Writing at Human Progress, Martin Tupy has an excellent article on the real effects of predatory pricing and monopoly. Here is the upshot (although one should read the whole article. It is excellent):
In a 2014 Council on Foreign Relations report, Eugene Gholz, an associate professor of public affairs at the University of Texas at Austin, revisited the crisis and found that the Chinese embargo [of rare earths to Japan] proved to be a bit of a dud. Some Chinese exporters got around the embargo by using legal loopholes, such as selling rare earths after combining them with other alloys. Others smuggled the elements out of China outright.
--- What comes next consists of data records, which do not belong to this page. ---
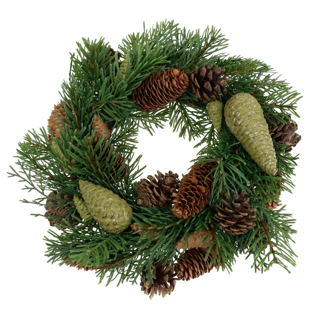 Adventi koszorú, fenyőkoszorú természetes és műfenyőtobozokkal, zöld ajtókoszorú Ø30cm, karácsonyi dekoráció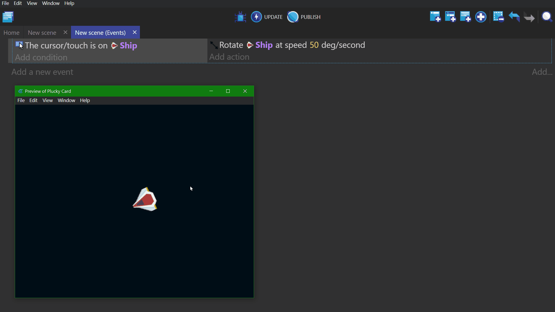 An event without any conditions will always perform the actions. In the video below, the ship object will continuously rotate at the speed set in the Rotate Ship action.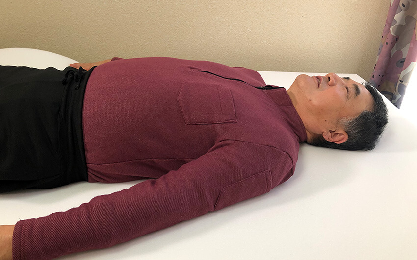 私は建設業の鉄筋工という仕事なんですが、腰をかがめての作業が多くて。田植えのような体勢というんでしょうか。腰への負担がすごく気になっていたんです。だから、夜はしっかり休みたい、腰を伸ばして眠りたいと思っていたんですが、横になっても背中の違和感が取れず、重苦しくてなかなか寝付けませんでした。鉄アレイが腰にずっとぶら下がってるようなイメージです。その腰をかばおうとすると今度は肩や首にも負担がいって、こっち向いても、あっち向いてもダメ…みたいな。背中にタオルを敷いたり、工夫したこともあったんですよ。でもどれもあまり合わなかったようでした。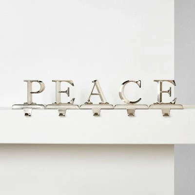 Keep your holiday decor classic with the PEACE Christmas Stocking Holders from Wondershop™. This pack of stocking holders comes with five that when laid beside each other spell out the word “Peace,” adding a delightful touch of merriment to your seasonal display, and their finish allows for easy coordination with the rest of your decor. Their weighted construction helps them to lay sturdily flat on a ledge or mantel, as well as contributing to holding up to two pounds of a filled stocking, and tapered hooks allow for easy hanging of a stocking from its loop.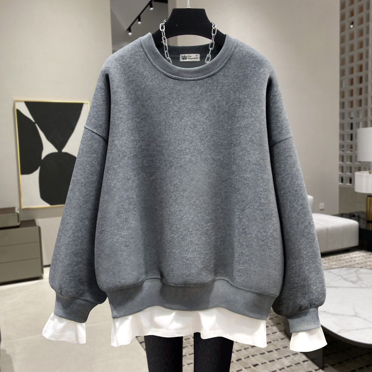 小个子纯色爆款假两件卫衣女加绒2025新款深灰色慵懒风圆领上衣
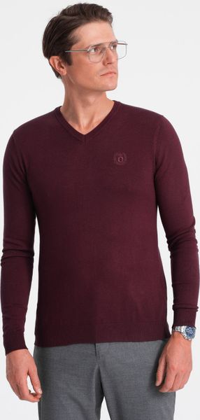 Ombre Elegancki sweter męski z dekoltem w serek – bordowy V13 OM-SWBS-0107 L
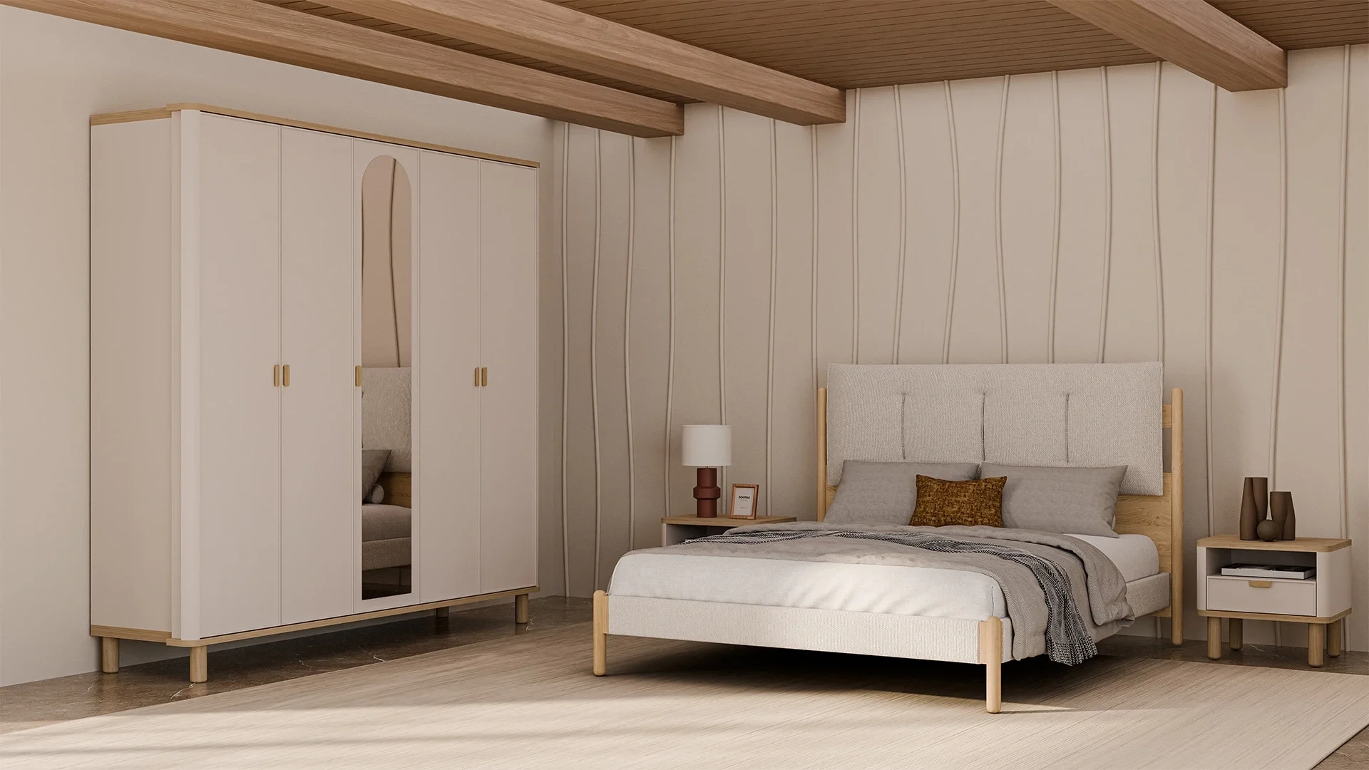yatak odasında düzenli, sakin ve zamansız bir atmosfer oluşturur.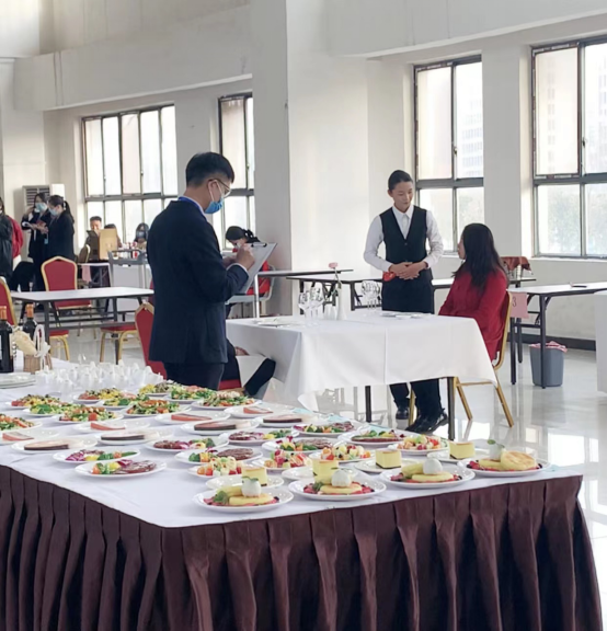 通过过程化考核方式取证。酒店管理与数字化运营专业在第二学期开设营养与健康课程,在第三学期开设餐饮服务与管理课程,酒店市场营销课程,在第四学期开设宴会主题设计课程、酒水基础知识、酒店公共关系等课程,将国家标准融入各阶段性教学过程中,将《餐厅服务员国家职业技能标准》融入《餐饮服务与管理》、《宴会主题设计》、《酒水知识》等课程的知识与技能授课中,并从自建题库选取试题组织3-5次的理论考试、10-15次的实操考试,完成阶段性考核。阶段性考核成绩与辅导员对学生的素质能力评价成绩构成过程化考核总成绩。过程化考核及格,即可在毕业时颁发餐厅服务员职业技能等级证书。

Some companies found ways to make their products using smaller amounts of the elements while others “remembered that they did not need the high performance of specialized rare earth[s] … they were merely using them because, at least until the 2010 episode, they were relatively inexpensive and convenient.” Third, companies around the world started raising money for new mining projects, ramped up the existing plant capacities and accelerated plans to recycle rare earths.
In other words, when faced with a sudden shortage, people compensated through other means. It’s almost as if demand curves slope downward.
Monopolies are still subject to the whims of consumers. They cannot raise their prices with impunity. As prices remain high, people will innovate around them. This indicates that the fear of predatory pricing, that a firm (or country) will seize market power and use it to jack up prices or manipulate people, are greatly overblown.